Okanagan artist showing in Coors Western Art Exhibition
There are 1000 people willing to pay $200 to walk through the doors at the show where Jerry Markham's work is being shown and sold this month.
It's been several years since the Fintry-based landscape painter first shipped off the originals required to land a coveted spot in the Coors Western Art Exhibition and Show in Colorado.
"It took two years. We had to send originals to Denver. We didn't get in, but then they said to ship them some more," he says in interview from Giobean Coffee, having made the 45 minute drive from his home and studio with his wife, Leah.
Leah has refined the business side of his career with the same precision he's used to cultivate the brush strokes that somehow give his mountains a contemporary feel. This quality is as mysterious as his ultimate message and purpose for working as a painter, but he does think about it a fair bit and he certainly does work. Together they've sold over 1000 of his paintings, carefully cataloguing his progression as they enter new shows and source new galleries around the world.

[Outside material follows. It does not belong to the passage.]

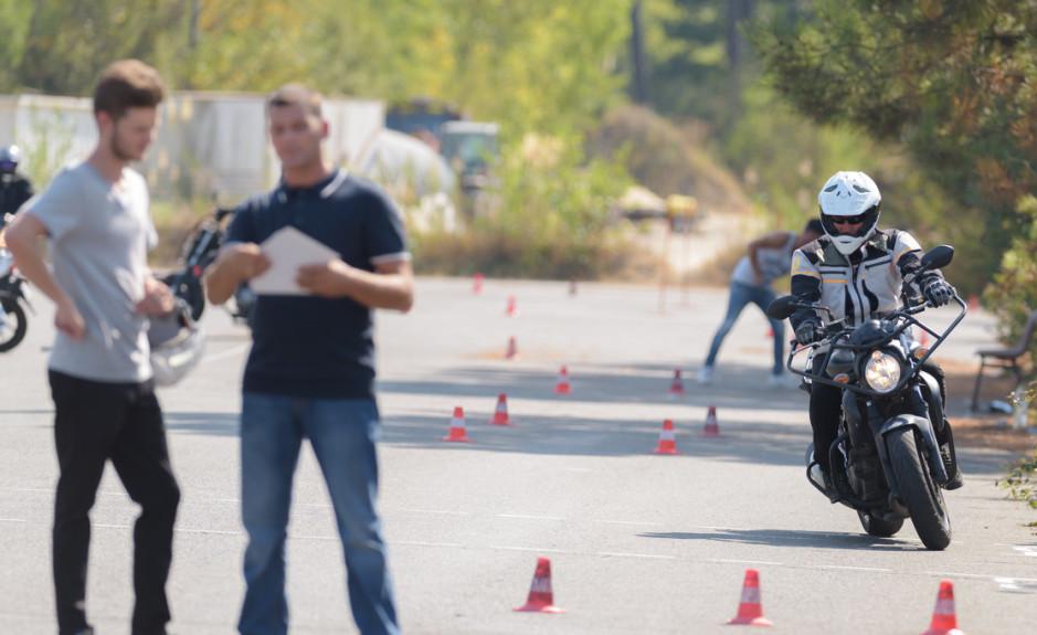 绕杆:在一条直线上,有5根杆子,要求以S型绕过5根杆子,然后再绕回来,不能压两边边线、不能撞杆、不能熄火。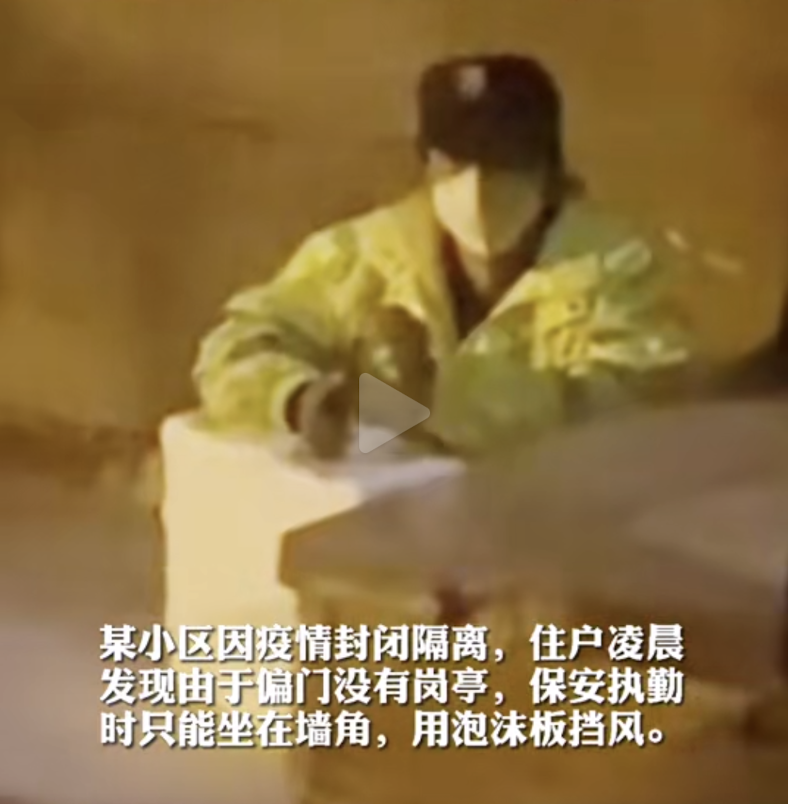 昨天凌晨,某小区防疫执勤保安在如此寒冷的夜晚,一晚上坐在墙角,只能用泡沫板挡风:

"He's very quality control oriented," says Leah. "He doesn't want to put anything out that isn't…
"The best I can do at that time," he says, finishing her sentence.
Where some artists sell everything in order to earn a living, even practice sketches, Markham steadfastly refuses to release imperfection.
This means the door to his 600-square foot studio, a standalone building on the young couple's remote property, is locked, even to Leah, throughout his twelve hour work day and when he shuts it down at night.
He's taken to having art burnings as well. To do a large canvass he typically works out the details with smaller paintings and many projects he simply loses interest in, so they're thrown on the fire.
"Seeing the artist's work…I think is really interesting, but there's a different appreciation for it than a finished work," he says. "Do you buy the blueprints to your house?"
While few things in the studio may be salient, there are those images he doesn't forgive or forget. One painting has been in there for 10 years and it may be 10 more before it's done for all he knows. It's still there and he still pulls it out to keep at it.
This open-ended style is one very noticeable and endearing quality about Markham. He repeatedly grins and says "I don't know" when asked about the 'how's and 'why's in his world.
He can't tell you what the first painting he ever sold is—the couple think it might be one to NHL hockey player Félix Potvin. He was trying to get an autograph.
He can't tell you what it is that typically strikes him about the images he paints. He went to Italy last year and found he really couldn't "get it," art history or no art history.
Some 13 years into his painting career, his seminal motivation for picking up the brush seems to be this process of discovering his own take on what may or may not be waiting around the next corner.
"I don't think it's enough to just (paint). It's just a craft. What you say with your craft is really what makes it relevant or not," he explains.
And then there's the other big questions: Is it relevant? In an era where digital photography puts the ability to capture a moment into everyone's hand with a cell phone, is painting even needed anymore? He may have dropped out of art school, but the quandary seems to haunt him as much as the academics.
"I hope to be able to convey an idea that's too big to expression in another medium because it's my form of expression…
"I guess my biggest fear is that it's superficial. I just don't want it to be a pretty picture," he explains.
Asked what he's interested in right now, the north comes to mind.
"Icebergs. I was watching a video of Greenland and there's all these icebergs floating by and it was so interesting," he says.
The couple are also going to take another crack at Italy.
"There's got to be something there. It's just so pretty. I don't know. We went in the spring last time. Maybe we'll try the fall?"
Markham likes the mountains and southern Ontario, Mennonite country. He's partial to the Russian impressionists and American painter John Singer Sargent, though he notes he actually wasn't born in the United States.
Like many a curious mind, he's up on the news headlines and admits he's enjoying painting Vancouver, where his brother lives; he doesn't like the city.
The Markhams fled Calgary's urban jungle thinking they might land up on the island, but picked the Okanagan. As Leah put it, "it has everything."
Narrowing down what everything might be to an artist who finds the backs of two cabbies hovering over a broken vehicle as intriguing as the sweep of power lines and snow-covered slopes is impossible.
It would seem, at this stage in the adventure, 35 years into his life, this might just be the point.